Work Opportunity Tax Credit (WOTC) – A federal tax credit available to employers for hiring people from certain target groups, including those receiving state aid or meal stamps, veterans and ex-offenders who have consistently faced significant employment barriers. The credit is made against the employer’s share of social security tax.
FICA Tip Credit – A tax credit available to certain food and beverage establishments that allows them to claim a credit for Social Security and Medicare taxes paid or accrued on tips provided by certain employees. This loan reduces the amount of federal revenue. Unused credits can be carried forward for up to 20 years until they are fully used.

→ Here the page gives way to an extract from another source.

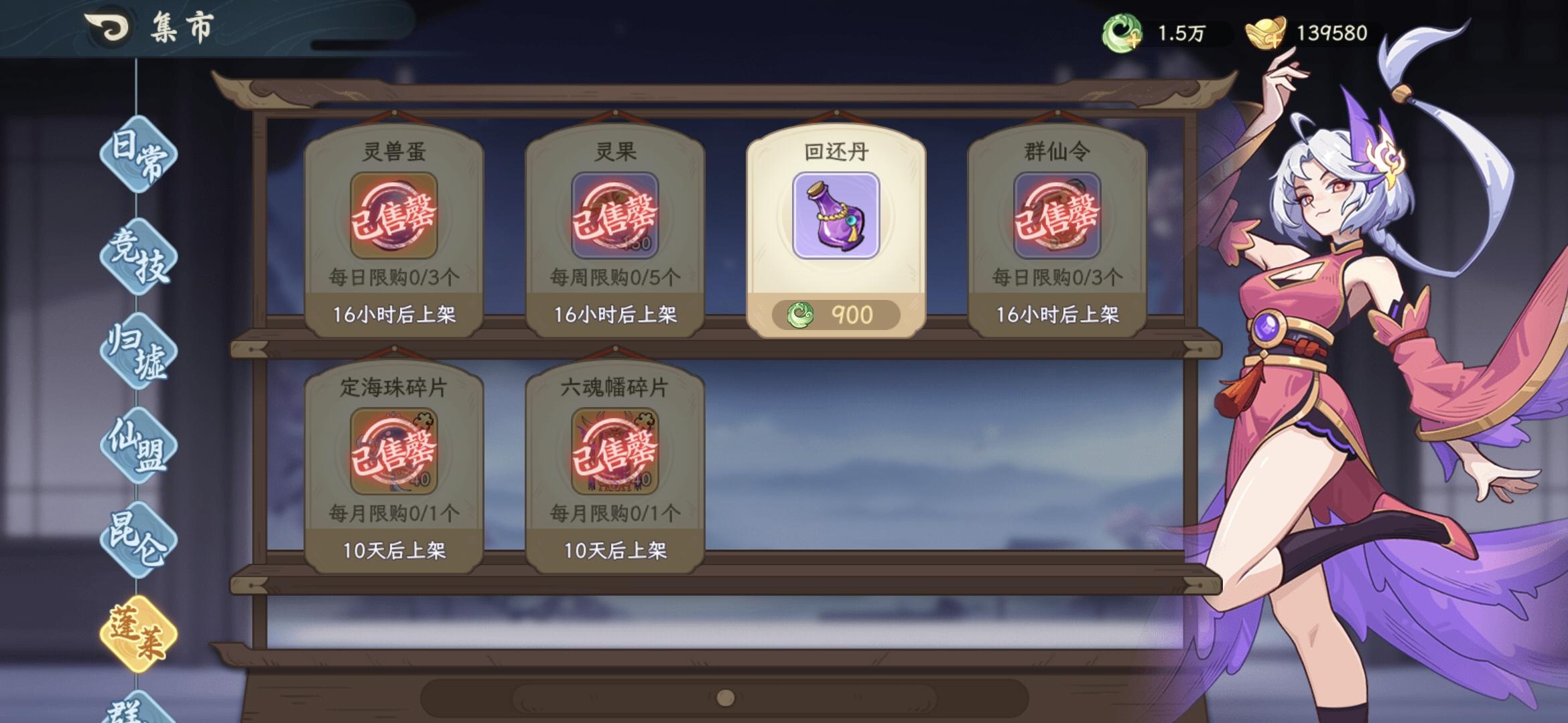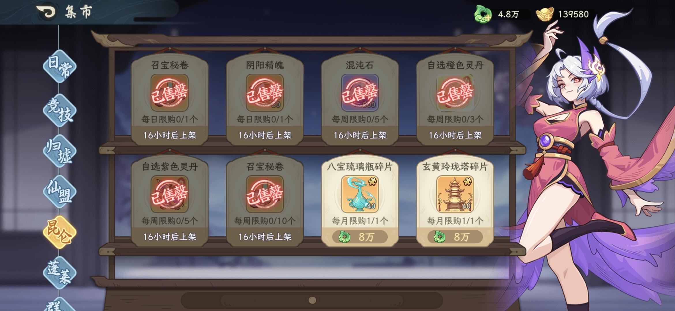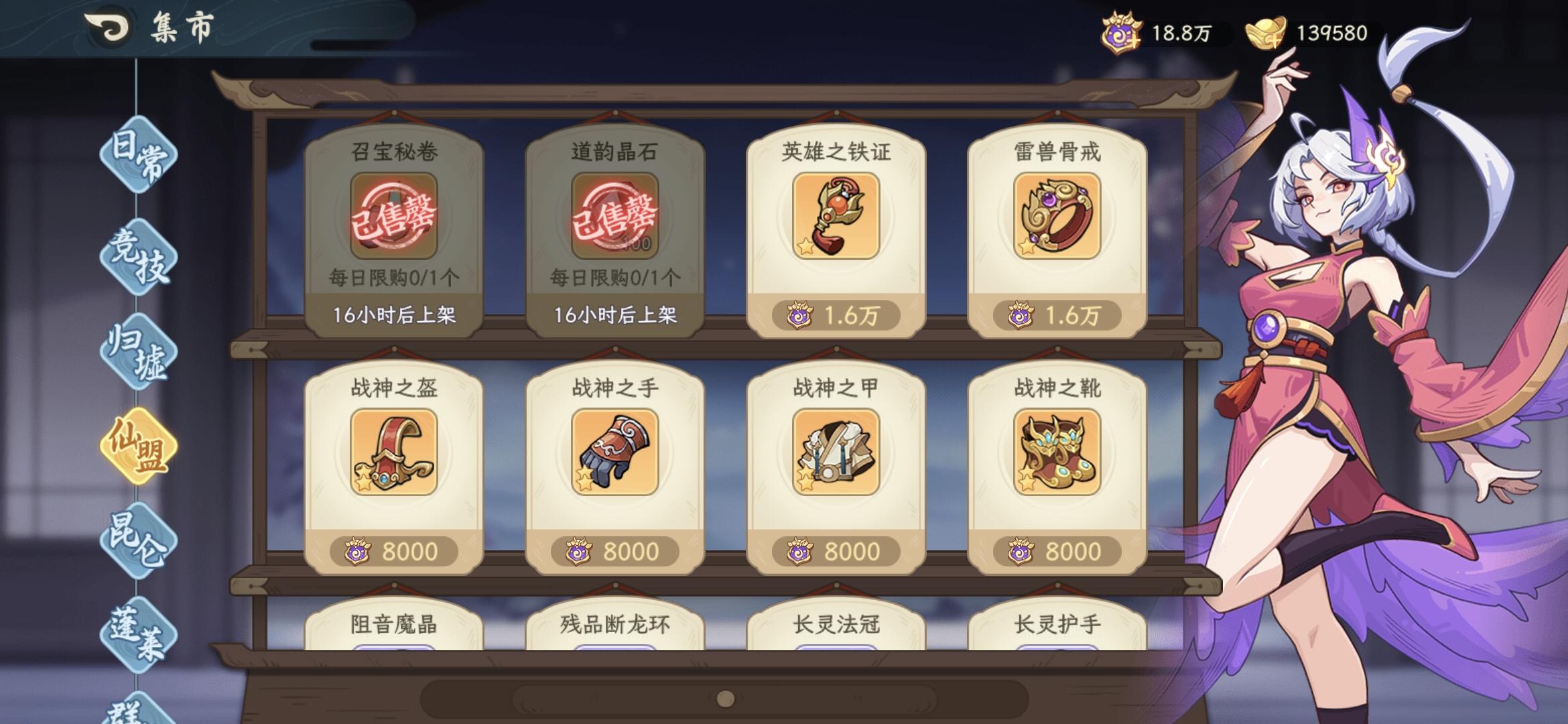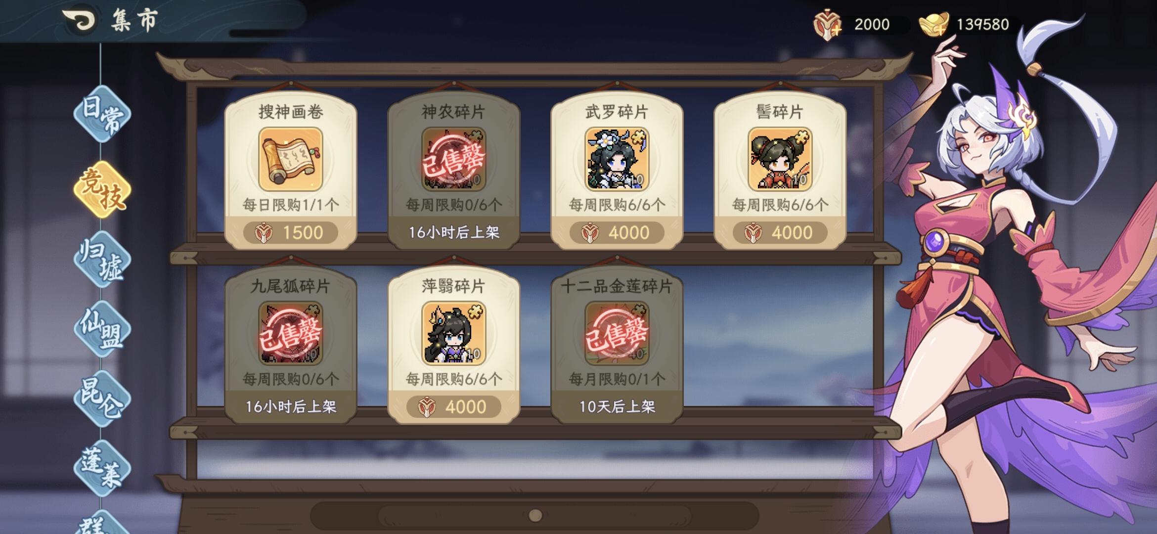 首先声明,本人双卡,偶尔会氪几十活动。首先是商店买什么,我发截图,一般每日都按照这个买。升级法宝那个有点贵,非双卡或者够用不买。其次就是阵容:我就是按照正常吼农鱼开局的。发现神农越来越没位置。这个游戏其实只需要两队第三队是伪概念。根据不同情况构筑两个队伍就够用了。个人认为吼优先级最高,兼顾发动机和输出,尤其是单体输出,输出高的比他脆,比他肉的输出低。其次是嫦娥,全游戏最全能的角色。之前我

Disaster Zone Credit – These federal tax credits are available to employers affected by qualifying disasters such as wildfires, hurricanes, floods and the COVID-19 pandemic. The credit amount is equal to 40 percent of the qualifying wages paid to each eligible employee, up to $6,000, making the maximum total credit available per eligible employee $2,400.
Restaurants may feel they can’t afford to offer basic health insurance, let alone other benefits, which may be exactly what prospective and existing employees want. But with a little creativity and using tax credits to which they’re entitled, restaurants can better position themselves to weather the Great Retirement and receive the perks needed to attract and retain their employees.
Derek Moore is Senior Vice President of Employee Benefits at Venbrook Insurance Services.